The Carmen Thyssenn Museum features a permanent collection of historic art housed in a beautiful renaissance 16th Century building. There are a series of regular changing exhibitions of more modern art. Recent exhibitons at the time of writing include Man Ray photography and emerging modern art in Spain before the civil war in 1936.

If modern art is your thing, there is a small Pompidou centre down by the port of Malaga. This summer’s exhibition is Breton and surrealism.

After all that sight seeing, culture and food, you might just need to relax? Book yourself into The Hammam Al Ándalus. These hammam baths are built on the site of an ancient 16th Century Roman baths and for 1.5 hours you can emerse yourself into the waters and have a deep or relaxing massage. Booking ahead during the busy summer season is advisable.

Shop.

The shops around the historic centre are a mix of traditional and modern. You’ll find shops dedicated to just hats, amazing food shops where you can choose the finest Iberico hams, or some very cool clothes & shoe shops. One of my favourite brands sold in independant shops in the UK is Paloma Nice Things but as it’s a Spanish label, there is a store in Malaga and it’s much cheaper to buy there than in the UK. We also visited Mosaico vintage shop and found a few bargains. there are several other vintage clothes shops if that’s your thing. Peninsula and Flamingo Vintage Kilo are two more and there are department stores and shopping centres further from the centre. As an antique dealer, I also try and find the local antique shops. Malaga has a couple but the best one,Antigüedades Los Remedios, was closed on my visit, even though it was supposed to be open, so I think opening hours are a bit hit and miss with the dealers here?

Eat.

I can honestly say we never ate a bad meal in Malaga. I don’t think you can go wrong with the Tapas particularly as competition is so fierce, they are all excellent and so reasonably priced. But some of the best meals we ate are below. Booking is highly recommended as these are very popular with locals and visitors to the city.

El Pimpi is currently owned by actor Antonio Banderas although is a very old establishment. Serving traditional tapas with some very unusual dishes which I’ve never tried before, the restaurant is large and bustling. There is a large terrace for alfresco dining at the front and diners who haven’t pre booked can queue at the front of the restaurant and wait for a table. We had to do this as we hadn’t pre booked and we got a table quite quickly inside as there were only 2 of us.

El mason de crevantes is very unassuming from the outside but this very popular local restaurant is much bigger inside than expected and the food is amazing. defintely the best we had in the week we were there, which is a huge statement as everything we ate was good.

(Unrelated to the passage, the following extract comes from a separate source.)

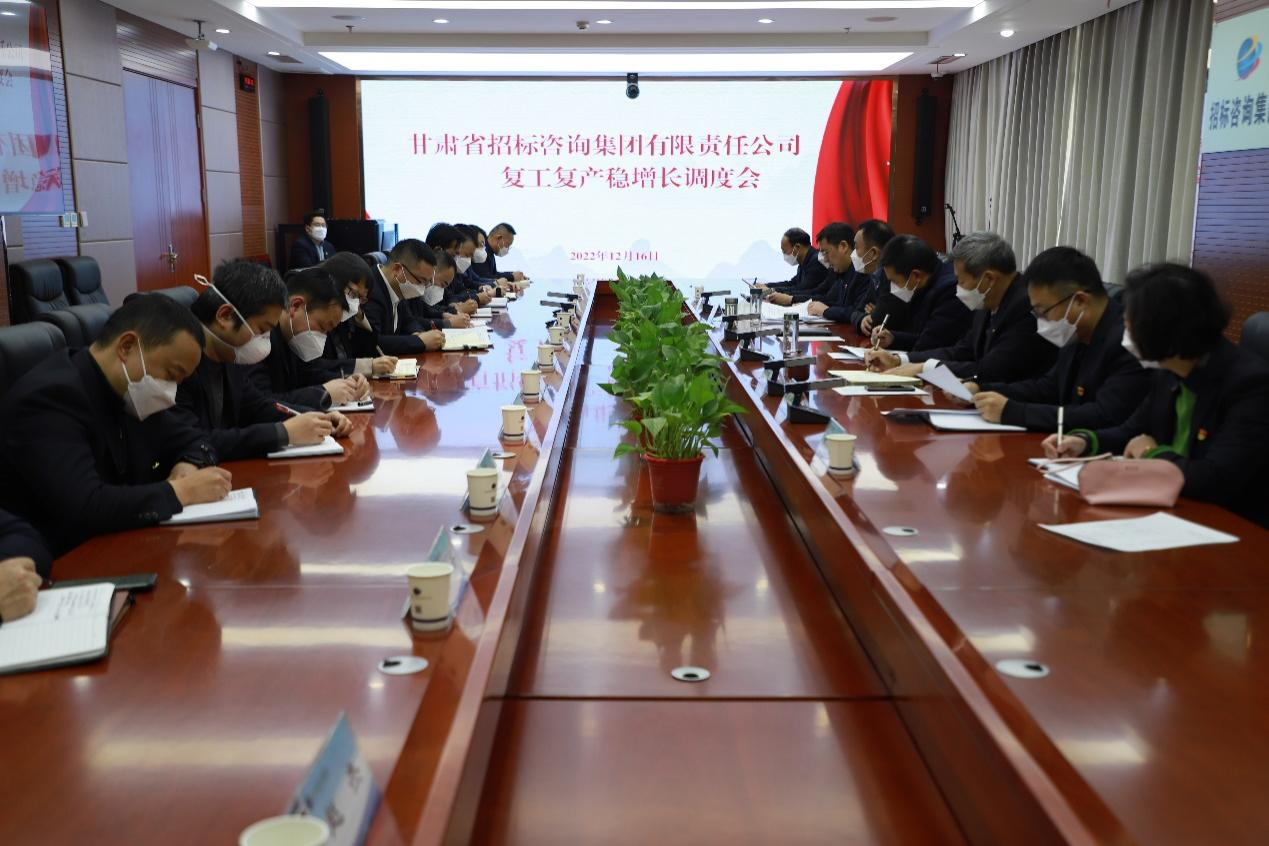 近日,甘肅省招標咨詢集團有限責任公司召開復工復產穩(wěn)增長調度會,傳達學習全省工業(yè)復工復產穩(wěn)增長調度會和集團公司復工復產穩(wěn)增長調度會精神,分析1-11月生產經營情況,安排部署近期及來年相關工作。會議由公司黨委書記、董事長牛茺主持。招標咨詢集團領導班子成員、機關各部門及各子公司負責人參加會議。招標中心、金安公司作交流發(fā)言。

More expensive than most other restaurants, around £100 for two, but worth it.

Casa Lola has 3 establishments very close to each other in Malaga. Always busy, very hard to get into unless pre booked but great and very reasonably priced food.

If you can’t book any of these restaurants, just walk around the historic centre and choose any of the busy tapas restaurants and you will be very happy with what you get served.

Mercado Central de Atarazanas is the food market on the outskirts of the old town, very close to the hotel we were staying in. If you aim to get there around 11.00am you’ll be just in time for lunch to start being cooked by the various stall holders. Grab a seat outside and order freshly cooked seafood with a beer or sangria or the huevos rancheros which I ordered one day and was delicious. You can literally eat here for around 10-15 euros each with drinks!

chiringuitos are beach side restaurants and there are lots of them in Malaga. One of the best on Malagueta beach is El Tintero where the waiters walk around with large trays of ready cooked food and you just put up your hand if you fancy the look of the dish. The dishes you’ve had are then written on the paper table cloth and that’s your bill to pay at the end of your meal! Simple and delicious.

For other popular chiringuitos in Malaga I’ve added a link below.

Granada

Granada is a beautiful city, only 2 hours on public transport from Malaga. We got the bus from Malaga central bus depot and booked it in advance through Alsa.

We booked a hotel very close to The Alhambra palace as we were only staying for one night, with the sole purpose of our trip to visit the palace. We stayed at Hotel casa Morisca. Hotels in Granada are very cheap compared to other cities and this was around £80 for the night for two of us. It was an old thick stone walled building, keeping it naturally cool, very traditional with an inner courtyard and surrounded by shops, restaurants and bars in the old quarter. The bus stop up to The Alhambra was a short walk in the morning and they run regularly up and down the hill to the palace.

When we arrived in Granada it was July and Spain was in the grip of a heat wave. So the 42 degree temperatures really stopped us exploring the city as much as we’d have liked to. We dropped our bags at the hotel, went into the city centre to get some lunch and then took the bus up to The Alhambra Palace.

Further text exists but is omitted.